ECE Ph.D. Qualifying Exam

Communication, Networking, Signal and Image Processing (CS)

Question 1: Probability and Random Processes

August 2011



Question

Part 1. 25 pts


 $ \color{blue}\text{ Let } \mathbf{X}\text{, }\mathbf{Y}\text{, and } \mathbf{Z} \text{ be three jointly distributed random variables with joint pdf } f_{XYZ}\left ( x,y,z \right )= \frac{3z^{2}}{7\sqrt[]{2\pi}}e^{-zy} exp \left [ -\frac{1}{2}\left ( \frac{x-y}{z}\right )^{2} \right ] \cdot 1_{\left[0,\infty \right )}\left(y \right )\cdot1_{\left[1,2 \right]} \left ( z \right) $

$ \color{blue}\left( \text{a} \right) \text{Find the joint probability density function } f_{YZ}(y,z). $

$ \color{blue}\left( \text{b} \right) \text{Find } f_{x}\left( x|y,z\right ). $

$ \color{blue}\left( \text{c} \right) \text{Find } f_{Z}\left( z\right ). $

$ \color{blue}\left( \text{d} \right) \text{Find } f_{Y}\left(y|z \right ). $

$ \color{blue}\left( \text{e} \right) \text{Find } f_{XY}\left(x,y|z \right ). $


Click here to view student answers and discussions

Part 2. 25 pts


 $ \color{blue} \text{Show that if a continuous-time Gaussian random process } \mathbf{X}(t) \text{ is wide-sense stationary, it is also strict-sense stationary.} $


Click here to view student answers and discussions

Part 3. 25 pts

Show that the sum of two jointly distributed Gaussian random variables that are not necessarily statistically independent is a Gaussian random variable.

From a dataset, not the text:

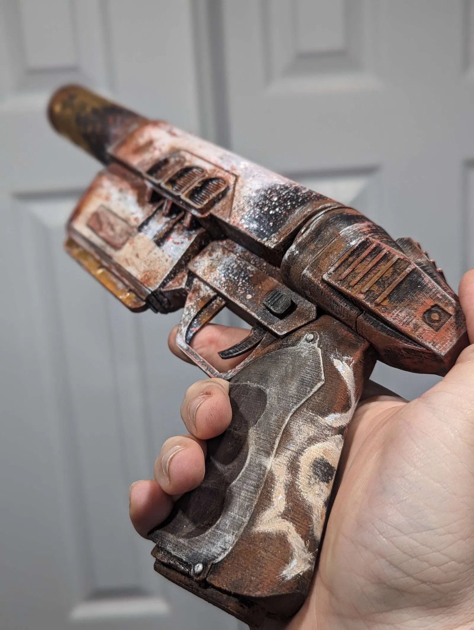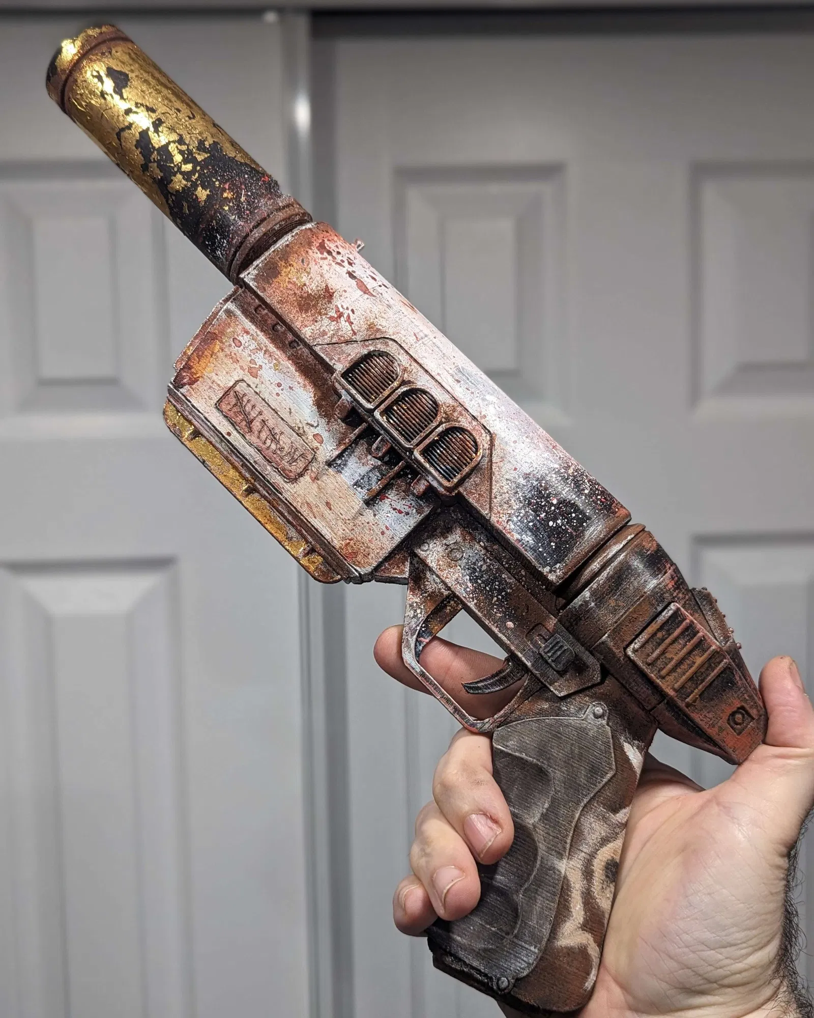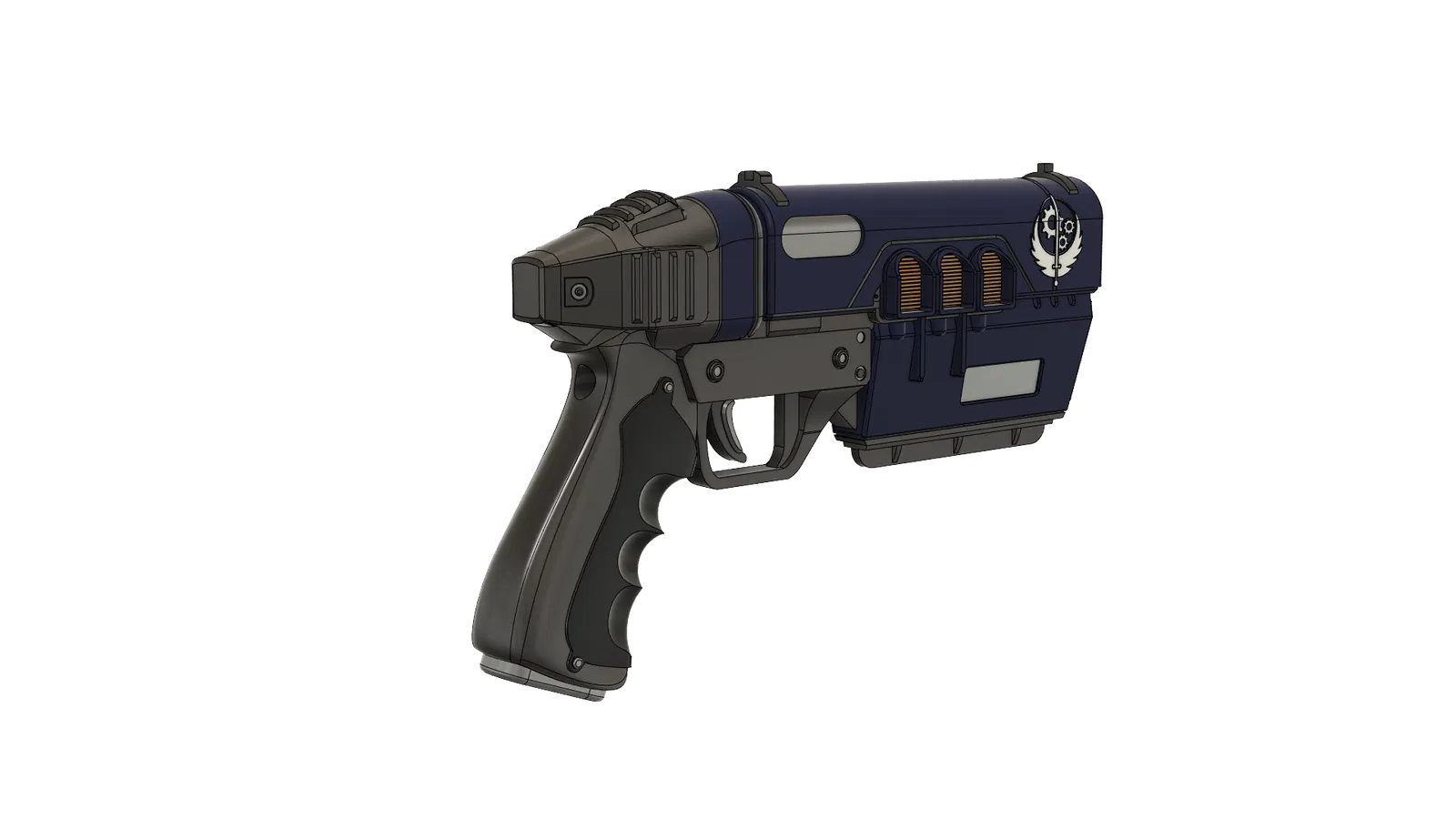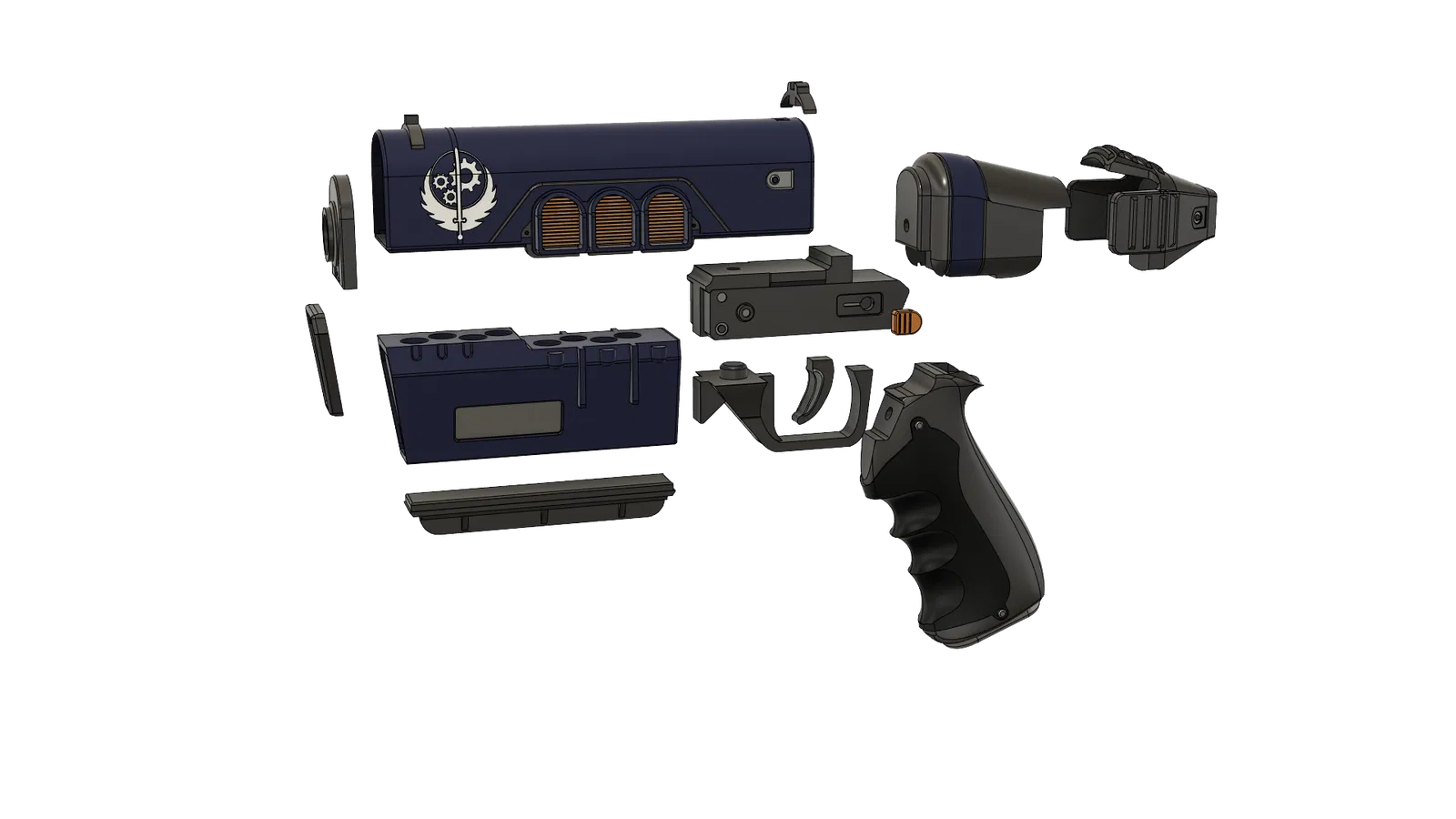 File STL súng lục "Crusader" từ Fallout 76. Đây là khẩu súng tiêu chuẩn của Brotherhood of Steel. Có 2 phiên bản nòng súng (có/không logo Brotherhood), kèm ống giảm thanh. Dùng ốc #6, nam châm 2mm x 10mm cho băng đạn.

Click here to view student answers and discussions

Part 4. 25 pts


Assume that $ \mathbf{X}(t) $ is a zero-mean continuous-time Gaussian white noise process with autocorrelation function

                $ R_{\mathbf{XX}}(t_1,t_2)=\delta(t_1-t_2). $

Let $ \mathbf{Y}(t) $ be a new random process ontained by passing $ \mathbf{X}(t) $ through a linear time-invariant system with impulse response $ h(t) $ whose Fourier transform $ H(\omega) $ has the ideal low-pass characteristic

               $ H(\omega) = \begin{cases} 1, & \mbox{if } |\omega|\leq\Omega,\\ 0, & \mbox{elsewhere,} \end{cases} $

where $ \Omega>0 $.

a) Find the mean of $ \mathbf{Y}(t) $.

b) Find the autocorrelation function of $ \mathbf{Y}(t) $.

c) Find the joint pdf of $ \mathbf{Y}(t_1) $ and $ \mathbf{Y}(t_2) $ for any two arbitrary sample time $ t_1 $ and $ t_2 $.

d) What is the minimum time difference $ t_1-t_2 $ such that $ \mathbf{Y}(t_1) $ and $ \mathbf{Y}(t_2) $ are statistically independent?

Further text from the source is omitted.